À l’Arrache-Coeur d’Avignon (84), Isabelle Starkier présente Ubu Président. Une adaptation du chef d’œuvre d’Alfred Jarry, signée Mohamed Kacimi. Deux chômeurs patentés, père et mère Ubu, rêvent devant le frigo vide : gagner l’élection présidentielle.

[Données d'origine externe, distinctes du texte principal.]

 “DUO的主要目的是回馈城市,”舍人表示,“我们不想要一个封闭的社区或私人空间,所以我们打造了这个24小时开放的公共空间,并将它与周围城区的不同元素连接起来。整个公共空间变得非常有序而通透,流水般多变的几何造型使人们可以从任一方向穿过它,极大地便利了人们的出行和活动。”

Père Ubu, imaginé dès 1896 par l’écrivain facétieux Alfred Jarry, était dès ses origines obscures à la fois capitaine de dragons, comte de Sandormir, roi de Pologne, docteur en pataphysique, grand maître de l’ordre de la Gidouille, etc. Désormais, sous la plume de l’écrivain et dramaturge Mohamed Kacimi, qui adapte l’œuvre célébrissime, Ubu veut devenir Président. Le drame, c’est qu’il est élu ! Pour cette nouvelle version, la mise en scène est d’Isabelle Starkier, les musiques signées Alain Territo. Ubu Président est devenu une désopilante comédie musicale. Avec Stéphane Miquel, dans la peau grasse du père Ubu, parfait dans ce rôle de grand guignol effrayant. Clara Starkier est une mère Ubu d’une belle sottise, qui roucoule d’amour pour son débile d’époux. Les musiciens comédiens Stéphane Barriere, Michelle Brûlé et Virgile Vaugelade sont autant à l’aise instruments en main que lorsqu’ils chantent ou jouent la comédie.

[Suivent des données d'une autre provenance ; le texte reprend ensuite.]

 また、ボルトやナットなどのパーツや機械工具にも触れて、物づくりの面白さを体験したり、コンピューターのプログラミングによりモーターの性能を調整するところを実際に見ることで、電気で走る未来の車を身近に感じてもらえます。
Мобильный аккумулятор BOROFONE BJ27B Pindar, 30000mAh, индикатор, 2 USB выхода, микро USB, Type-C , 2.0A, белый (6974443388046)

Mohamed Kacimi a frappé juste. Père Ubu est un beau parleur, qui éructe, harangue des foules avec une démagogie fantastique et n’a qu’un seul et unique but : capter pour lui et ses amis, mais en vérité surtout pour lui, toutes les richesses de la nation. Si l’on efface un peu, juste un peu, la farce, l’image de personnages actuels se matérialise sans la moindre erreur possible. Donald Trump par exemple… Passer de chômeur professionnel à locataire du palais présidentiel ne pose aucun cas de conscience à Ubu. Du moment qu’il y a du fric à faire. Les pauvres seront toujours plus fauchés ? Qu’importe à ces personnages qui flirtent avec les idéologies les plus nauséabondes. Voilà « une réflexion sur les enjeux mondiaux contemporains tout en redécouvrant ce classique de la littérature française », pointe l’auteur.

Le langage vert de père et mère Ubu est conservé, juste un peu modernisé. Leur « risible et terrifiante » ascension sociale mériterait presque que l’on précise dans le programme que « toute ressemblance avec des personnes existant ou ayant existé… ». Gérald Rossi, photos Elie Benzekri

Ubu président, Isabelle Starkier : jusqu’au 25/07, tous les jours à 13h sauf les mercredi. Théâtre de l’Arrache-Coeur, 13-15 rue du 58° Régiment d’Infanterie, 84 000 Avignon (Tél. : 09.85.09.97.42).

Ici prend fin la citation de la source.